WHAT YOU ARE ASKED TO DO
Pictures in the records below must be left out. Return exactly the lines from the line with "Sync up your" to the line with "- интерактивные элементы: дети", both included.

EXERCISE MATERIAL
• • • • •

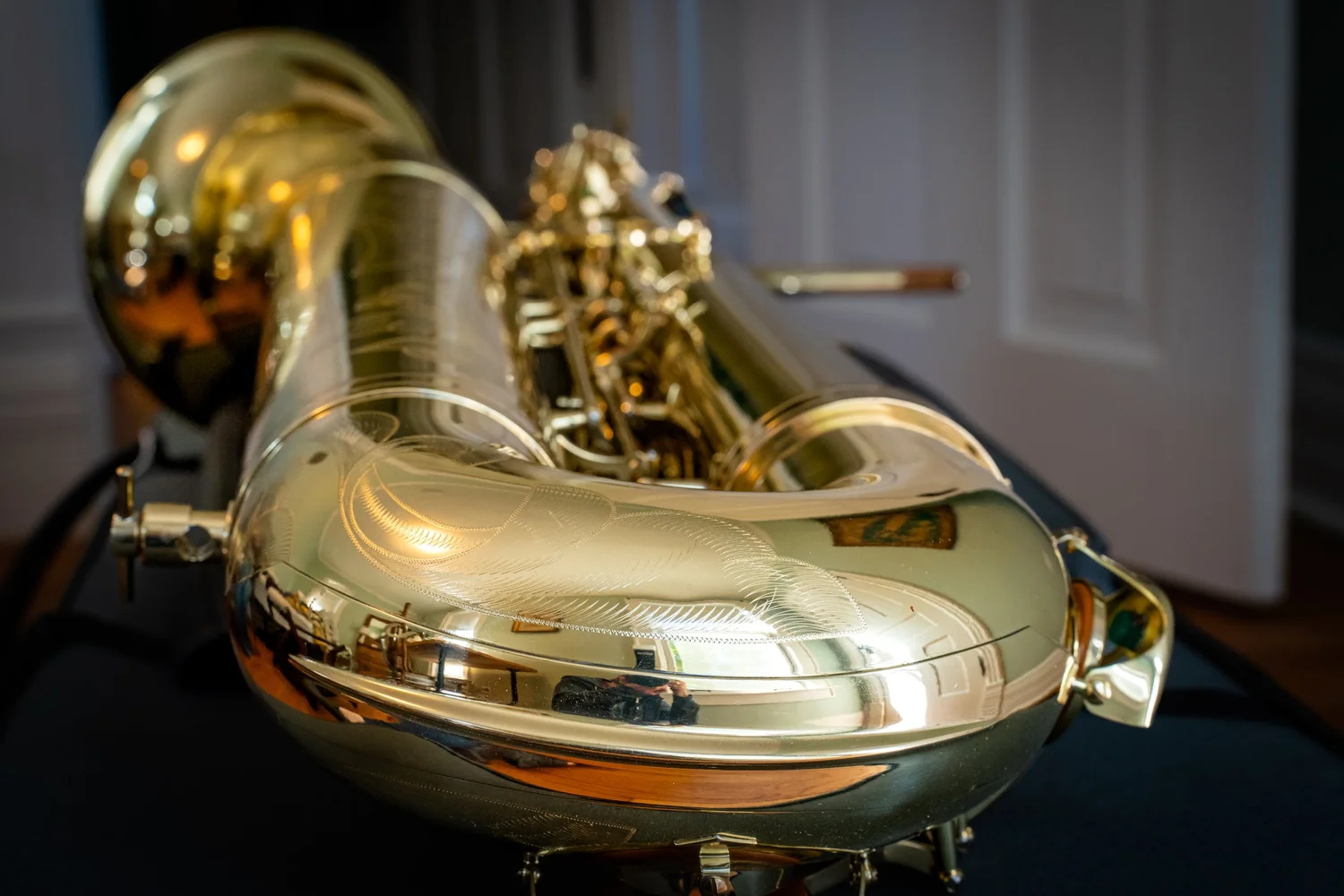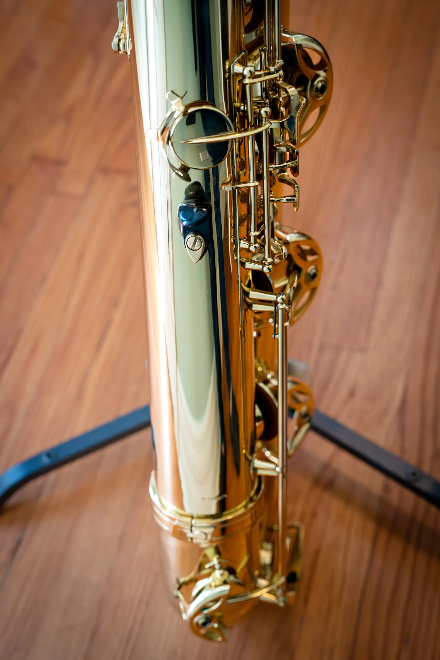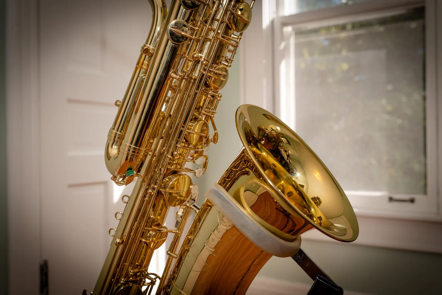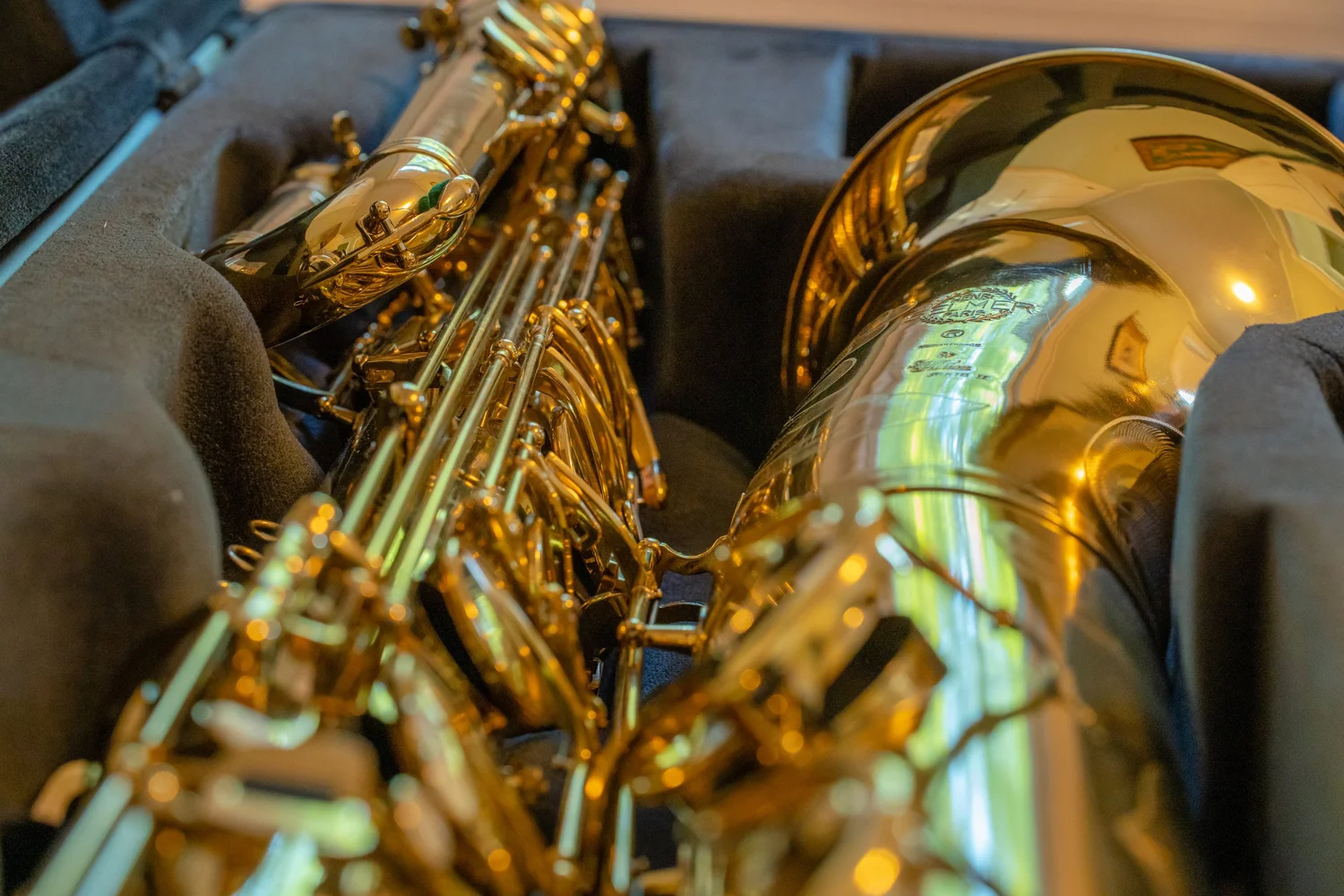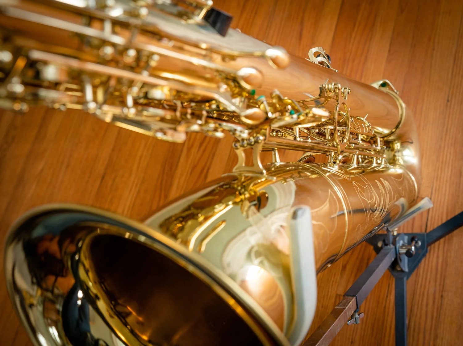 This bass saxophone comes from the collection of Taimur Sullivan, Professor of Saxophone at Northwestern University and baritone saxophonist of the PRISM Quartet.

• • • • •

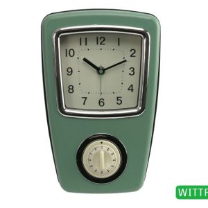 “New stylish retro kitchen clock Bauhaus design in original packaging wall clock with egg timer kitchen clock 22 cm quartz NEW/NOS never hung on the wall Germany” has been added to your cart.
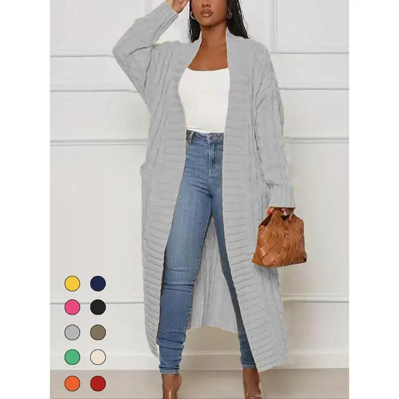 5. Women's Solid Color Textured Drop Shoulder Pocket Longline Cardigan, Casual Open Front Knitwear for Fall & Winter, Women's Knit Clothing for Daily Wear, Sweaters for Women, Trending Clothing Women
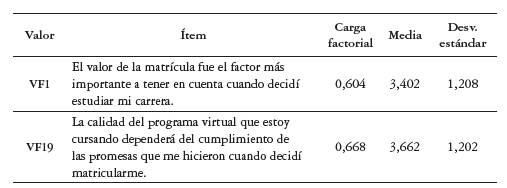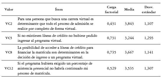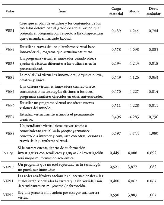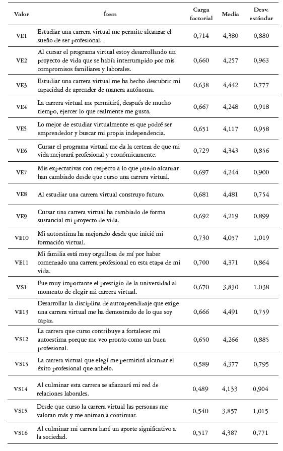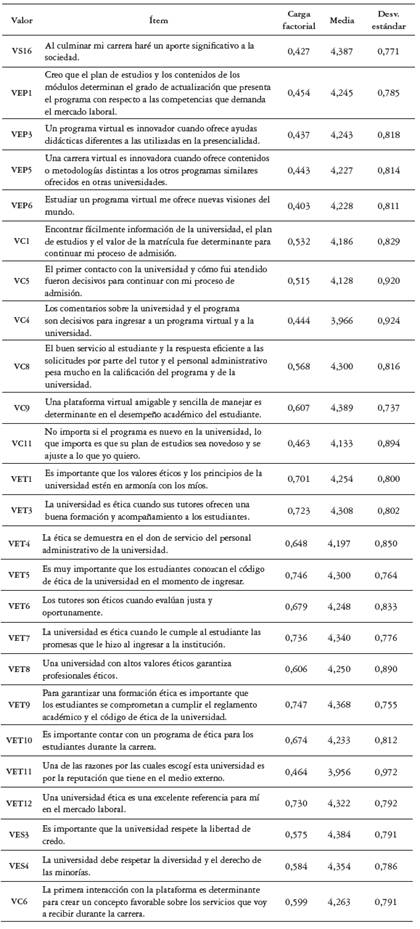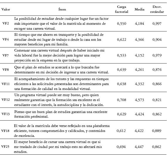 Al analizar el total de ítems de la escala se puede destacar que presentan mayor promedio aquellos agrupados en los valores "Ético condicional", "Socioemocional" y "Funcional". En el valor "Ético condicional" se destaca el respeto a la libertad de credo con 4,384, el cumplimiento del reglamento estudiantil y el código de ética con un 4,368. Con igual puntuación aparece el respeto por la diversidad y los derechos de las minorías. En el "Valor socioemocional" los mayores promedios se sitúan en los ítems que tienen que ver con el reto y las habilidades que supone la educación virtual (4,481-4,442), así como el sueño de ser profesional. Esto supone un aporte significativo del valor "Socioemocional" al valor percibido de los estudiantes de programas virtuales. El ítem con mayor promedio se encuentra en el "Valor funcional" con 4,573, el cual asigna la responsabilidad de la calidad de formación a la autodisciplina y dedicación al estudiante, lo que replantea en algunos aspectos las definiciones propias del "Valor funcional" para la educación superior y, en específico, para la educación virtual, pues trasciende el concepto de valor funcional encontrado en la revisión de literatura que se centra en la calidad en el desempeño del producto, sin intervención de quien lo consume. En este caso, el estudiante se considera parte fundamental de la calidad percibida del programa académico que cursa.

• • • • •

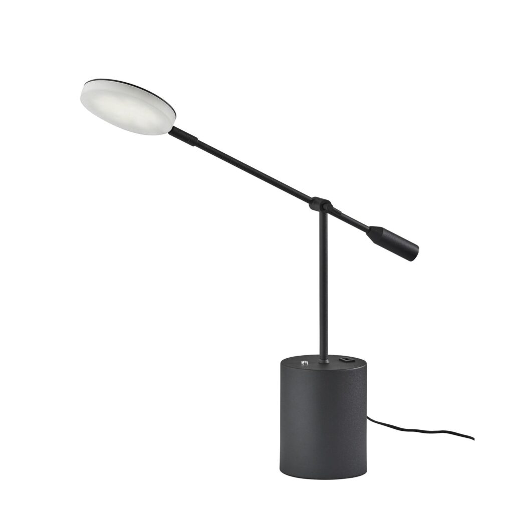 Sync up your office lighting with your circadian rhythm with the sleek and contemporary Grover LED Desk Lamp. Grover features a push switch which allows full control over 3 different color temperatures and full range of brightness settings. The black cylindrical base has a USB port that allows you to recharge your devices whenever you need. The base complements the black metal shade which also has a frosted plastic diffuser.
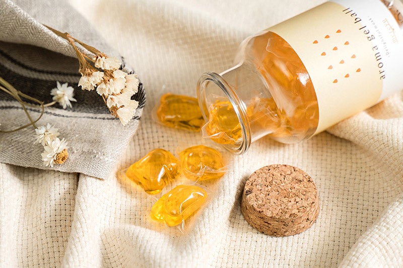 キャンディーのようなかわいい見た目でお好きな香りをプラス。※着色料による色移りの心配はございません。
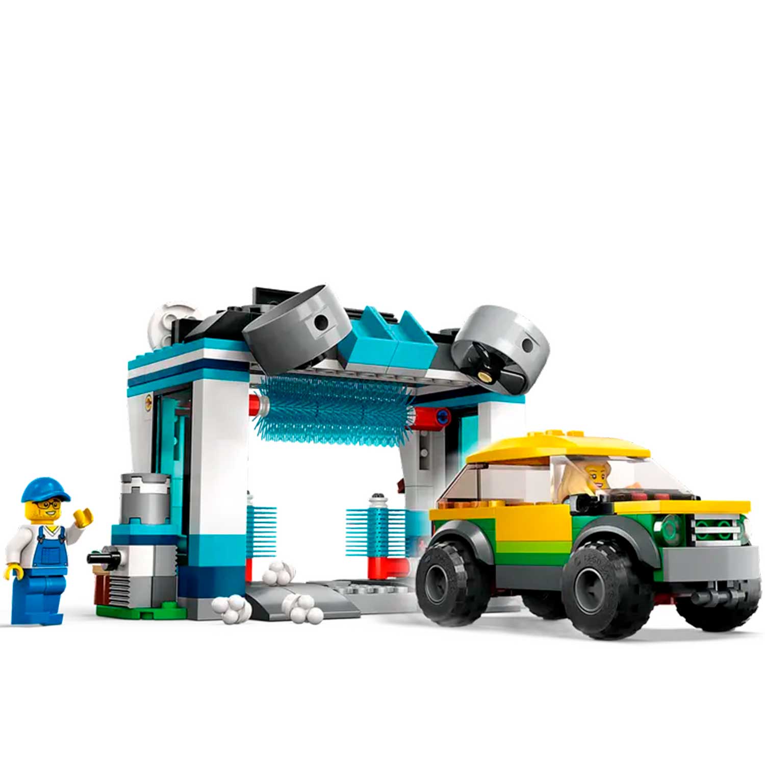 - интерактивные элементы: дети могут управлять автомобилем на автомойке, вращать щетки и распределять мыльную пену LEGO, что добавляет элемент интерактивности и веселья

• • • • •

RESULT OF THE TASK
 Sync up your office lighting with your circadian rhythm with the sleek and contemporary Grover LED Desk Lamp. Grover features a push switch which allows full control over 3 different color temperatures and full range of brightness settings. The black cylindrical base has a USB port that allows you to recharge your devices whenever you need. The base complements the black metal shade which also has a frosted plastic diffuser.
 キャンディーのようなかわいい見た目でお好きな香りをプラス。※着色料による色移りの心配はございません。
 - интерактивные элементы: дети могут управлять автомобилем на автомойке, вращать щетки и распределять мыльную пену LEGO, что добавляет элемент интерактивности и веселья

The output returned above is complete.